I may be wrong, but I think it's the case that the description given here is almost entirely the invention of modern authors, including (as noted) those of the Left Behind series, and not much at all to do with anything in Revelation. It's been a long time since I read the latter book -- I don't read much genre fantasy these days -- but that's my recollection.
no subject
Date: 2008-08-24 10:35 pm (UTC)With regard to bogus science, see this: http://scienceblogs.com/dispatches/2008/08/another_possible_dover.php
Reading down through the comments beneath the referred article, I had one of those moments of anxious chill. But . . . phew! The commenter's name was Paul Burnett, not Paul Barnett.

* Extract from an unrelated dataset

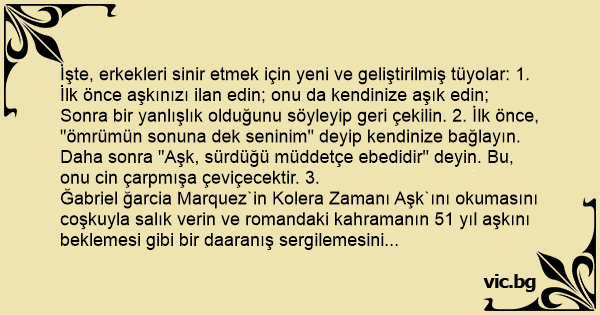 Ğabriel ğarcia Marquez`in Kolera Zamanı Aşk`ını okumasını coşkuyla salık verin ve romandaki kahramanın 51 yıl aşkını beklemesi gibi bir daaranış sergilemesini ondan da umduğunuzu ima edin. 4. Kontrolün kimde olduğunu göstermek için, onun telefonlarına ve e - posta mesajlarına - verecekseniz bile - hep geç cevap verin. 5. Telefon ettiğinizde de, kendinizi odadaki kişiyle konuşmayı kesmek zorunda hissetmeyin. Bırakın, telefondaki erkek arkadaşınız beklesin ve konuşmanızın yalnızca sizin tarafını dinlemek zorunda kalsın. 6. `Yanlışlıkla` özel notlarını okuyun, sonra hesap sorun. 7. Eski erkek arkadaşınıza iletmeniz gereken bir mesajı yanlışlıkla onun telesekreterine bırakın. 8. Evini ziyaret ettiğinizde telefon çalarsa, suçlar bir biçimde " Hmm, bu da kim olabilir?" diye dudak bükün. 9. Arandevulara 15 dakika geç gitmeyi adet haline getirin. Bir gün, haklı sebepten de olsa geç kaldığında küplere binin. 10. Hattaarandevulara hiç gitmeyin. Sözlerinizin hiç birini tutmayın. 11. Sizi kentin en pahalı restaranlarından birine götürmesini sağlayın; yemek gelince de yüksek sesle porsiyonların küçüklüğünden yakının. Ya da kıtlıktan çıkmış gibi yiyin. 12. Evinizin en göze çarpan köşesine eski erkek arkadaşınızın çerçeveli resmini asın. 13. Yatak yapmayı, ütülemeyi, yemek pişirmeyi, temizlik yapmayı bilmemezlikten gelin. 14. İlk öpüştüğünüzde dilinizi boğazına kadar sokun. 15. İzinizi bırakın: boynunun görülebilecek bir yerini İsırın. 16. O evinden bir başka yere taşınırken, münasip bir biçimde tatile çıkın. 17. Bir başka erkek arkadaşınız olduğunu söylemeyi unutuvermiş olun. 18. Onu iş yerinde ziyarete gittiğinizde, amiri ya da daha iyisi memuru ile kesişin. 19. Arkadaşlarının yanında küçük düşürün. 20. Annesini eleştirin. Ebeveynini ziyerete gittiğinizde, onun hiç sevmediği elbisenizi bilhassa giyin. En yakın akrabalarının, kardeşinin falan adını unutun. 21. Sözüm ona size hediye aldığı ütü, ekmek kızartma makinesi, mikser gibi ev eşyalarını yılbaşında annesine hediye edin. 22.

The news item itself is of less interest for me for Bogus Science than for the expanded edition of Corrupted Science. There's a very real possibility of this; with luck I'll know more after the Frankfurt Book Fair.
no subject
Date: 2008-08-25 12:21 am (UTC)no subject
Date: 2008-08-25 12:24 am (UTC)no subject
Date: 2008-08-25 12:33 am (UTC)"I have never tried to read the *Left Behind* books."

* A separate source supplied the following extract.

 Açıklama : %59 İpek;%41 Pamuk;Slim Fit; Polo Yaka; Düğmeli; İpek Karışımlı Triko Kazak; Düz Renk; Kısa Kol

I got halfway through the first one and then threw it at the wall. It's not just that the thing's abysmally written, it's that its underpinning is hatred-filled and vile.
no subject
Date: 2008-08-25 03:35 am (UTC)It might take a while, but the effect of attrition will be refreshing. When they're willing to apply that kind of scientific proof to their theories, I'll be more than happy to review their proofs.
no subject
Date: 2008-08-25 10:16 am (UTC)no subject
Date: 2008-08-25 03:42 pm (UTC)The trouble with this otherwise excellent scheme is that they would only come whingeing for help to the rest of us the moment the first TV broke down or the first toe got stubbed.
no subject
Date: 2008-08-25 03:43 pm (UTC)"Yeah, Malkin is the only one of the big right pundits I read at all."
You have a sturdier constitution than I do.
no subject
Date: 2008-08-25 05:42 pm (UTC)no subject
Date: 2008-08-25 05:51 pm (UTC)Well, that's not very faith-based of you!
no subject
Date: 2011-11-04 12:53 pm (UTC)no subject
Date: 2011-11-04 11:41 pm (UTC)Best wishes for your own blogging activities!